> Exercise requirements
Leave the pictures out, and transcribe the material below exactly from the line with "對因與柱梁結構相碰而需要切割" to the line with "Кабель с изоляцией", both lines included.

> Task material
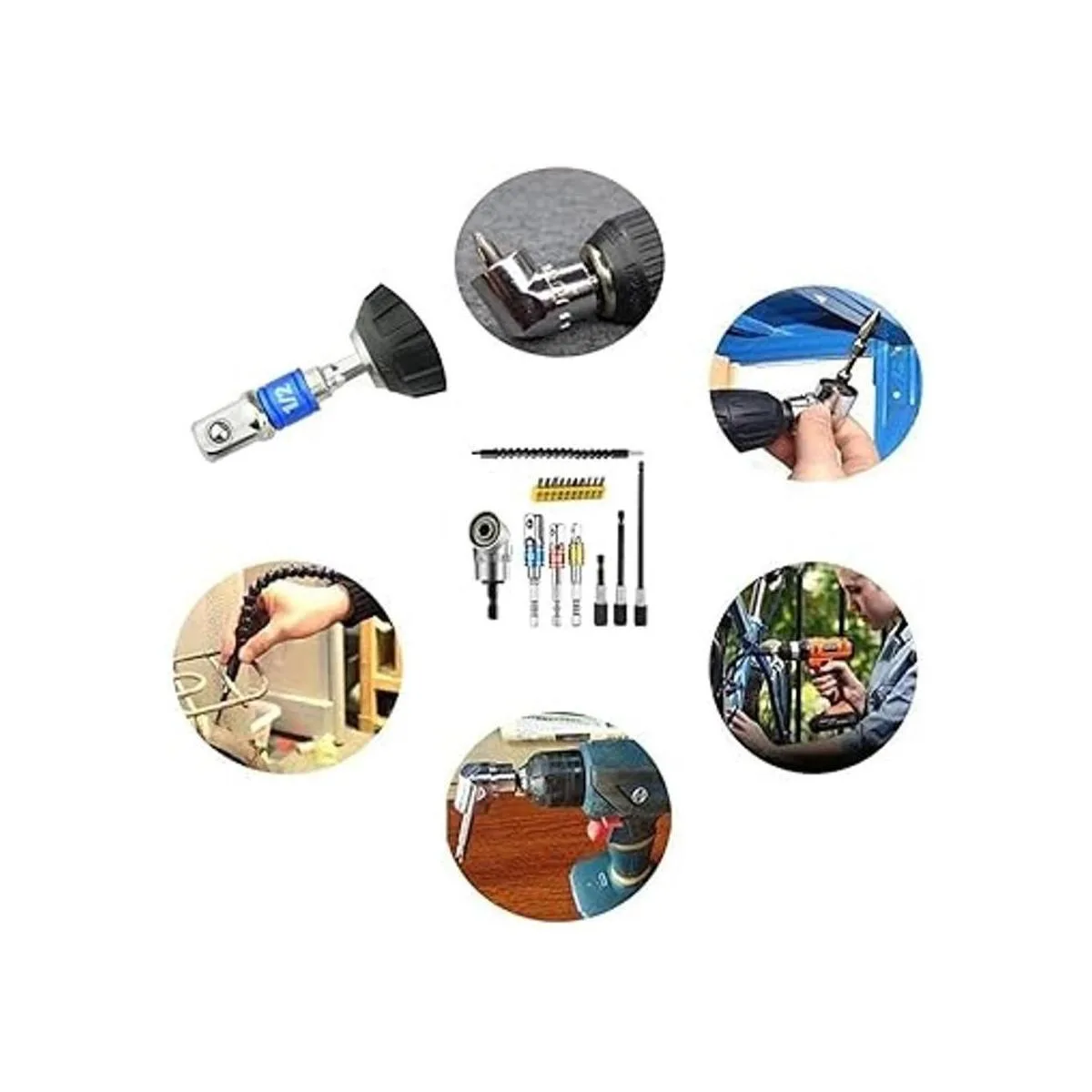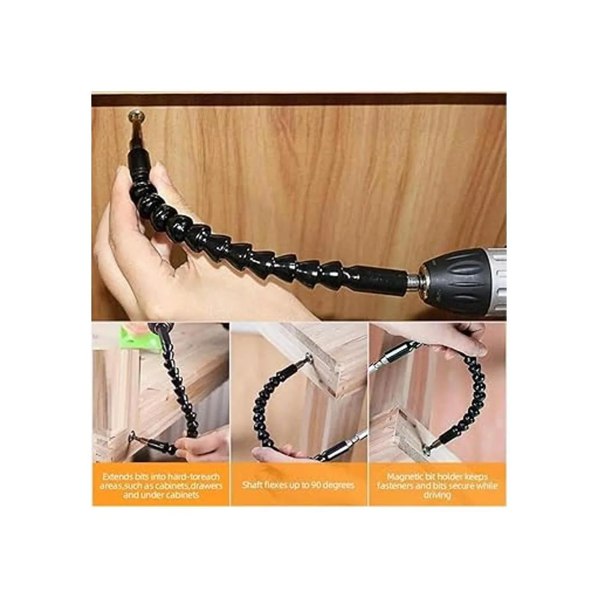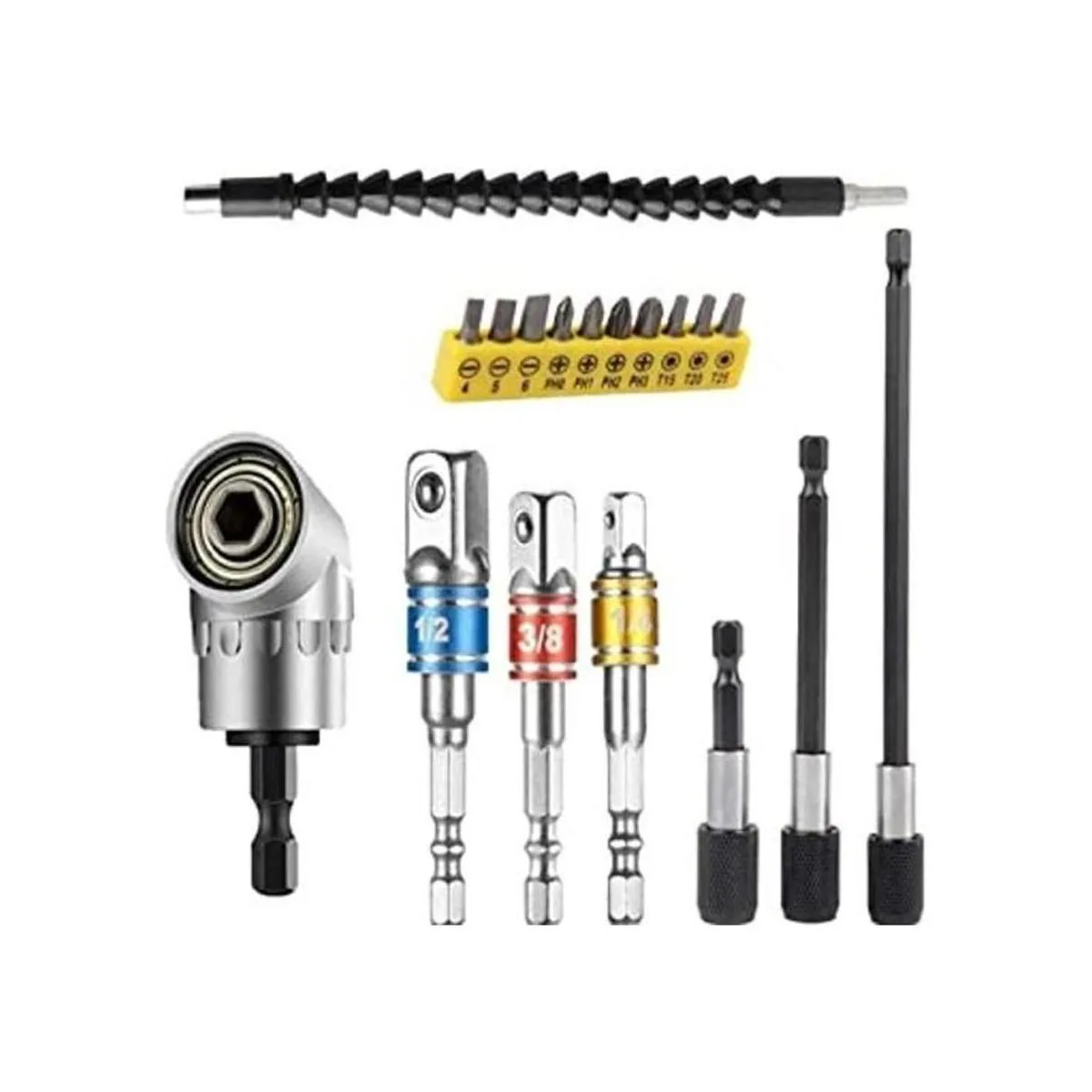 Colocación completa: el paquete incluye 1 extensión de broca flexible, 1 extensión de taladro de ángulo recto de 105, 3 adaptadores universales de 1/4 3/8 1/2 pulgadas, 3 soportes para brocas, 10 puntas de destornillador. Este kit de extensión funciona muy bien, cuando tienes acceso limitado.
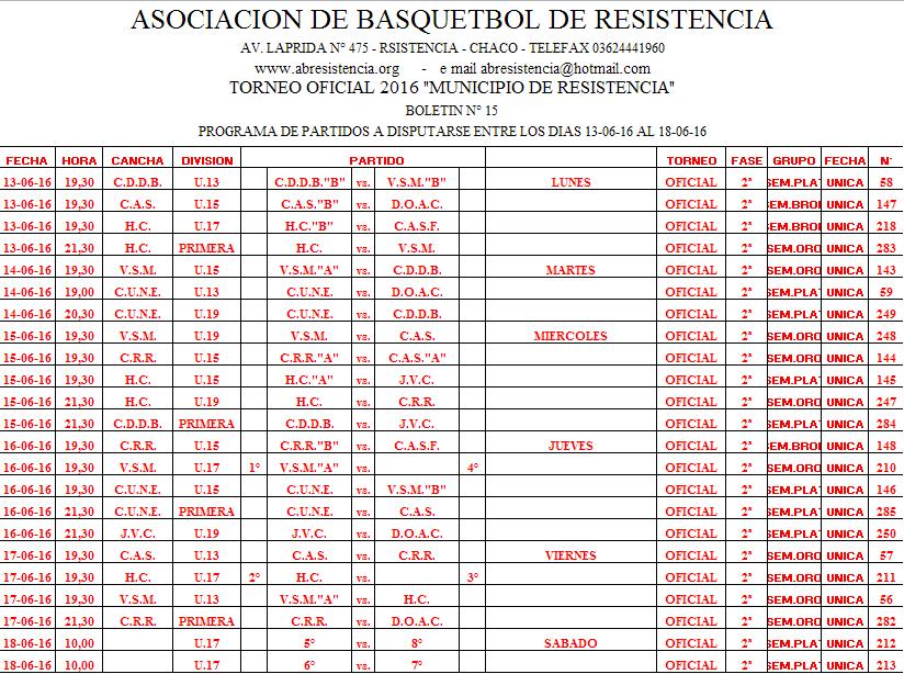 ASOCIACION DE BASQUETBOL DE RESISTENCIA. Programación de la ABR entre el 13 y el 18 de Junio de 2016.
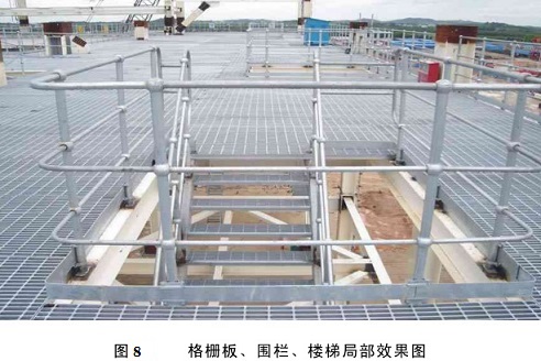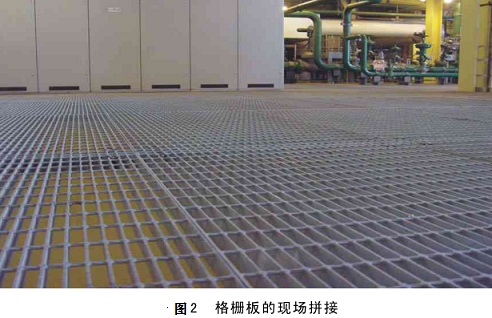 對因與柱梁結構相碰而需要切割的部位,在切割部分網格后應考慮局部網格的加強。格柵板放置應平穩無翹曲,焊接或卡固牢固。采用點焊固定方式時,焊點位置應盡量選在便于焊接、清理、油漆的地方。如圖2所示。
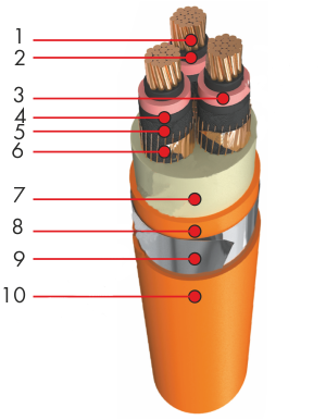 Кабель с изоляцией из этиленпропиленовой резины в броне из стальных плоских оцинкованных лент в оболочке не распространяющей горение. MEDIAstrip® B H
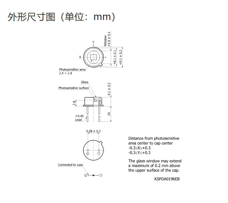 Ta = 25°C,典型值,感光灵敏度:λ = 780 nm,暗电流:VR = 20 V,截止频率:VR = 20 V,结电容:VR = 20 V,f = 1 MHz,噪声等效功率:VR = 20 V,λ = λp,除非另有说明  |
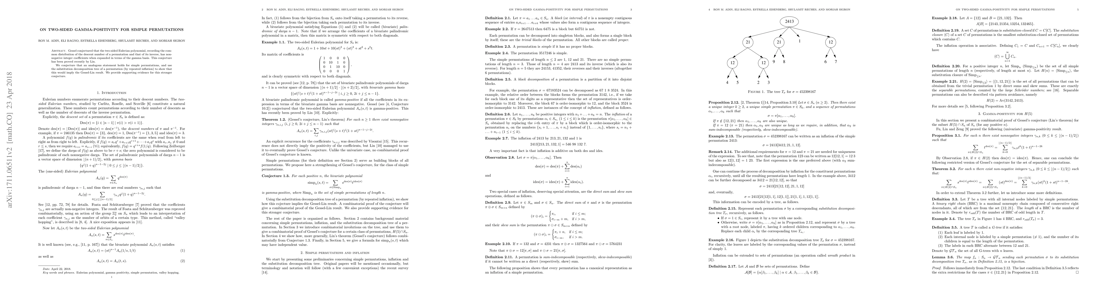 Gessel conjectured that the two-sided Eulerian polynomial, recording the common distribution of the descent number of a permutation and that of its inverse, has non-negative integer coefficients when expanded in terms of the gamma basis. This conjecture has been proved recently by Lin. We conjecture that an analogous statement holds for simple permutations, and use the substitution decomposition tree of a permutation (by repeated inflation) to show that this would imply the Gessel-Lin result. We provide supporting evidence for this stronger conjecture.
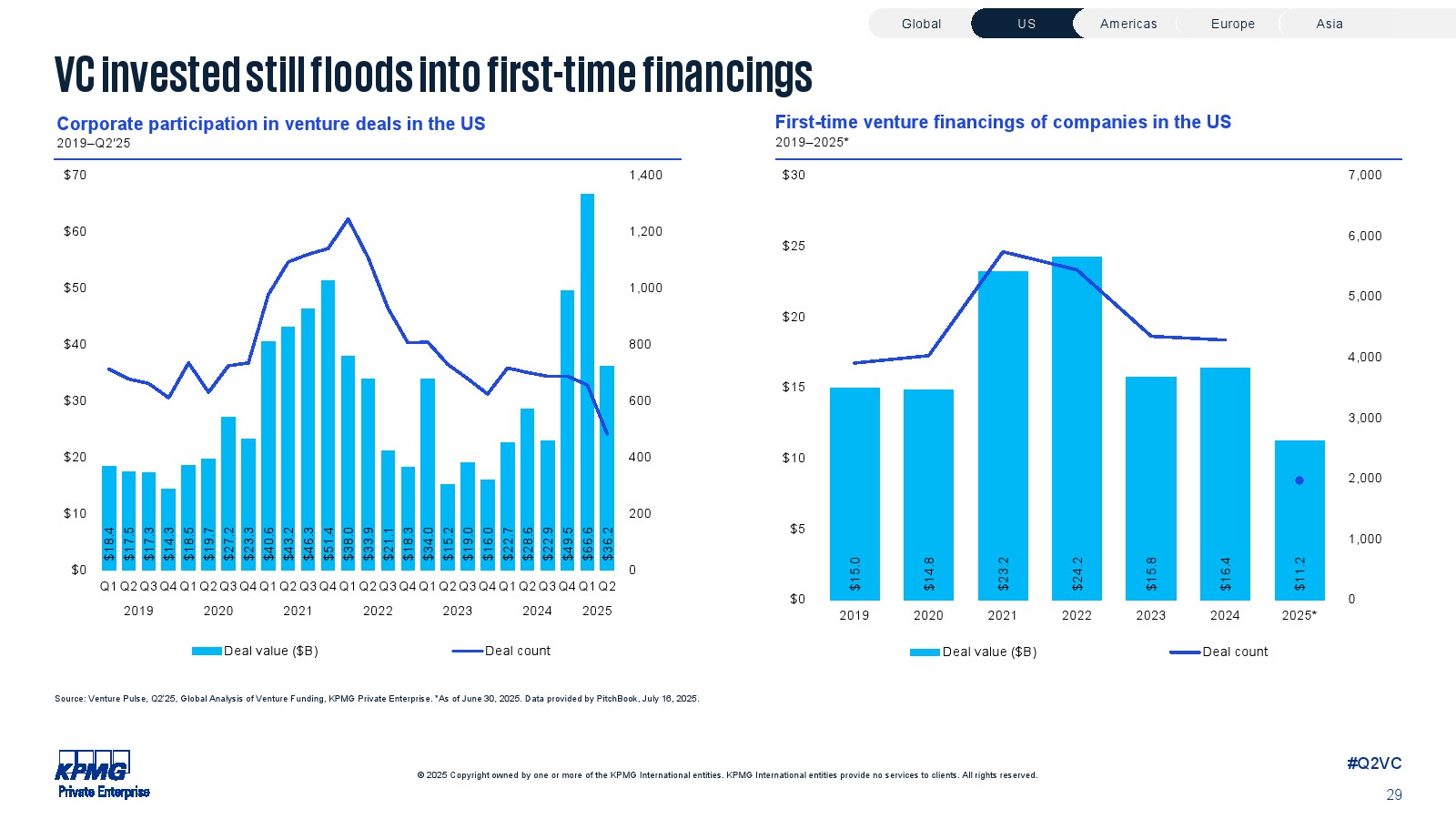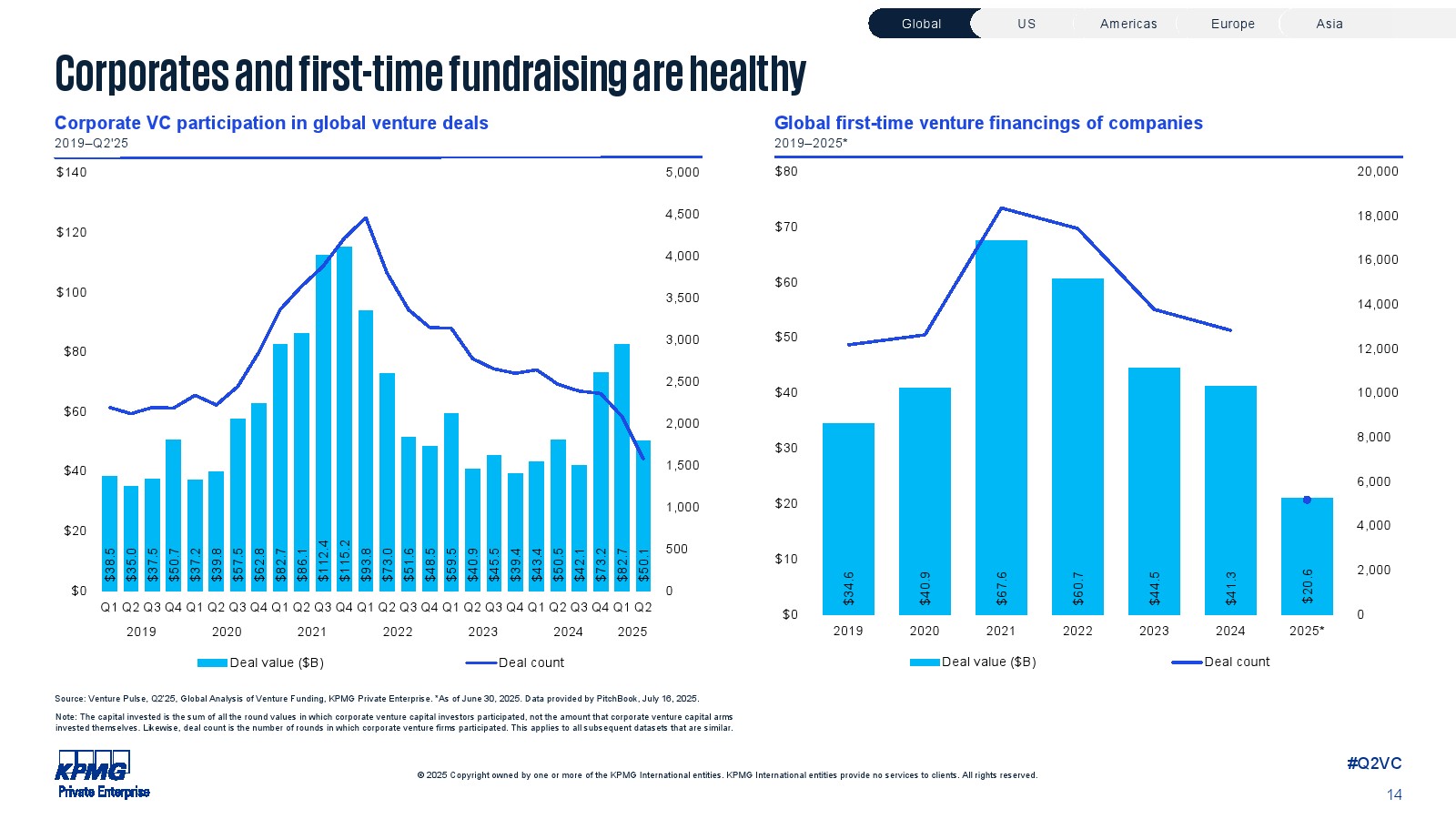- 企业风险投资(CVC)从2025年第一季度的827亿美元降至2025年第二季度的502亿美元,其中美国占362亿美元。亚洲CVC创十年新低,60亿美元。
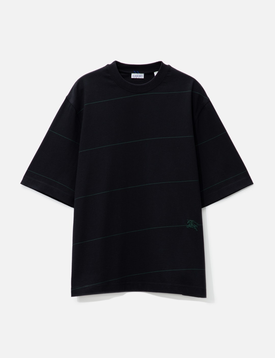 - Burberry - Striped Cotton T-Shirt - Regular fit - Short sleeves - Ribbed crewneck - Screen-printed stripes - Equestrian Knight Design embroidery on front - Straight hem - Color: Black - Material: 100% Cotton - See more SS T-Shirts, T-Shirts and Clothing SIZING - Model wears size M - Model measures: Height 187cm, Chest 36”/91cm, Waist 29”/74cm, Hip 37”/94cm
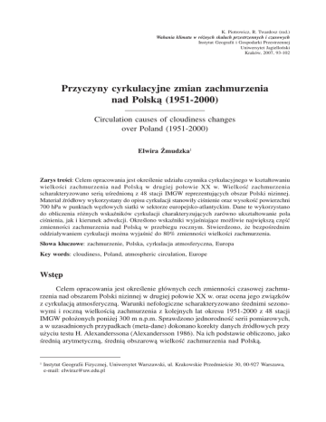 K. Piotrowicz, R. Twardosz (red.) Wahania klimatu w różnych skalach przestrzennych i czasowych Instytut Geografii i Gospodarki Przestrzennej Uniwersytet Jagielloński Kraków, 2007, 93-102 Przyczyny cyrkulacyjne zmian zachmurzenia nad Polską (1951-2000) Circulation causes of cloudiness changes over Poland (1951-2000) Elwira Żmudzka1 Zarys treści: Celem opracowania jest określenie udziału czynnika cyrkulacyjnego w kształtowaniu wielkości zachmurzenia nad Polską w drugiej połowie XX w. Wielkość zachmurzenia scharakteryzowano serią uśrednioną z 48 stacji IMGW reprezentujących obszar Polski nizinnej. Materiał źródłowy wykorzystany do opisu cyrkulacji stanowiły ciśnienie oraz wysokość powierzchni 700 hPa w punktach węzłowych siatki w sektorze europejsko-atlantyckim. Dane te wykorzystano do obliczenia różnych wskaźników cyrkulacji charakteryzujących zarówno ukształtowanie pola ciśnienia, jak i kierunek adwekcji. Określono wskaźniki wyjaśniające możliwie największą część zmienności zachmurzenia nad Polską w przebiegu rocznym. Stwierdzono, że bezpośrednim oddziaływaniem cyrkulacji można wyjaśnić do 80% zmienności wielkości zachmurzenia. Słowa kluczowe: zachmurzenie, Polska, cyrkulacja atmosferyczna, Europa Key words: cloudiness, Poland, atmospheric circulation, Europe Wstęp Celem opracowania jest określenie głównych cech zmienności czasowej zachmurzenia nad obszarem Polski nizinnej w drugiej połowie XX w. oraz ocena jego związków z cyrkulacją atmosferyczną. Warunki nefologiczne scharakteryzowano średnimi sezonowymi i roczną wielkością zachmurzenia z kolejnych lat okresu 1951-2000 z 48 stacji IMGW położonych poniżej 300 m n.p.m. Sprawdzono jednorodność serii pomiarowych, a w uzasadnionych przypadkach (meta-dane) dokonano korekty danych źródłowych przy użyciu testu H. Alexanderssona (Alexandersson 1986). Na ich podstawie obliczono, jako średnią arytmetyczną, średnią obszarową wielkość zachmurzenia nad Polską. 1 Instytut Geografii Fizycznej, Uniwersytet Warszawski, ul. Krakowskie Przedmieście 30, 00-927 Warszawa, e-mail: [email protected] Elwira Żmudzka Wieloletnią zmienność zachmurzenia nad Polską opisano kilkoma metodami. Określono tendencje zmian wielkości zachmurzenia wykorzystując równanie regresji liniowej, fluktuacje na podstawie przebiegów kumulowanych odchyleń od średniej wieloletniej oraz okresowość stosując metodę „sinusoid regresji” (Boryczka 1998) i analizę falkową (Torrence, Compo 1998). Określono związki wielkości zachmurzenia z polem ciśnienia nad Europą i północnym Atlantykiem. W obliczeniach wykorzystano wartości ciśnienia oraz wysokości powierzchni izobarycznej 700 hPa pochodzące z punktów węzłowych siatki z obszaru 30o-70oN i 40oW-60oE. Krok siatki wynosi 2,5oφ i 5oλ. Dane te pochodzą z bazy NCEP/NCAR Reanalysis (1951-2000). W polach podstawowych 10oφ i 20oλ obliczono 4 wskaźnik wirowości ξp (ξp =∑ p-4pm, gdzie: p – ciśnienie w czterech skrajnych punktach 1 pola podstawowego, pm – ciśnienie w środku pola). Pola te przesuwano o Δ 2,5oφ i 5oλ. Podobna formuła posłużyła do obliczenia wartości wskaźnika wirowości na powierzchni izobarycznej 700 hPa. Siłę zależności wielkości zachmurzenia nad obszarem Polski od ciśnienia atmosferycznego i wskaźników cyrkulacji oceniono za pomocą współczynnika korelacji liniowej. Na podstawie rozkładów przestrzennych siły powiązań wielkości zachmurzenia nad Polską z ciśnieniem i geopotencjałem oraz wirowością na obu poziomach określono lokalne nefologiczne wskaźniki cyrkulacji. Są one odpowiednio różnicami wartości ciśnienia, wysokości powierzchni izobarycznej 700 hPa oraz wirowości na obu poziomach między punktami, w których zachmurzenie nad Polską było najsilniej powiązane dodatnio i ujemnie z tymi charakterystykami pola ciśnienia. Zmienność wielkości zachmurzenia rozpatrzono w aspekcie zmienności warunków cyrkulacyjnych w badanym wieloleciu. Zmienność wielkości zachmurzenia nad obszarem Polski W drugiej połowie XX w. w przeważającej części roku (zimą, wiosną i latem) wielkość zachmurzenia nad Polską uległa zmniejszeniu (tab. 1). Trendy nie spełniały jednak warunku istotności na poziomie 0,05. Na uwagę zasługuje malejąca tendencja zmian zachmurzenia zimą (istotność na poziomie α = 0,10). Jesienią stwierdzono nieistotny wzrost wielkości zachmurzenia. Tab. 1. Współczynniki trendu liniowego a [%·rok-1] oraz ocena rangowa (τ – wartości statystyki Manna-Kendalla) trendu zmian średnich sezonowych i rocznej wielkości zachmurzenia nad Polską w latach 1951-2000 (Żmudzka 2004a,b) Table 1. Linear trend coefficients a [%·year-1] and rank evaluation (τ – the values of the MannKendall’s statistics) of the trend of changes of seasonal and annual means of cloudiness in Poland in years 1951-2000 (Żmudzka 2004a,b) 94 Cyrkulacja a zmiany zachmurzenia nad Polską Potwierdzeniem wystąpienia ujemnych trendów zmian zachmurzenia zimą i wiosną jest kształt krzywych obrazujących kumulowane odchylenia od średnich (ryc. 1). Zmiana znaku odchyleń z dodatnich na przeważające ujemne przypada na początek lat 70. XX w. Na połowę lat 1970. przypada także granica charakteru zmienności wielkości zachmurzenia latem. Jesienią w pierwszej połowie badanego 50-lecia zachmurzenie nie uległo istotnej zmianie, w drugiej zaś wzrosło; przejście od anomalii ujemnych do dodatnich nastąpiło w 1991 r. Kumulowane odchylenia nie przekraczają wartości 3 odchyleń standardowych, wskazując na występowanie nielosowych fluktuacji w szeregach czasowych sezonowych i rocznej wielkości zachmurzenia (Drozdov, Grigoreva 1972). Ryc. 1. Kumulowane odchylenia średnich sezonowych wielkości zachmurzenia nad Polską od średnich z lat 1951-2000. Zaznaczono zakres 1, 2 i 3 odchyleń standardowych Fig. 1. Cumulative deviations of mean seasonal cloudiness

> Response box
 對因與柱梁結構相碰而需要切割的部位,在切割部分網格后應考慮局部網格的加強。格柵板放置應平穩無翹曲,焊接或卡固牢固。采用點焊固定方式時,焊點位置應盡量選在便于焊接、清理、油漆的地方。如圖2所示。
 Кабель с изоляцией из этиленпропиленовой резины в броне из стальных плоских оцинкованных лент в оболочке не распространяющей горение. MEDIAstrip® B H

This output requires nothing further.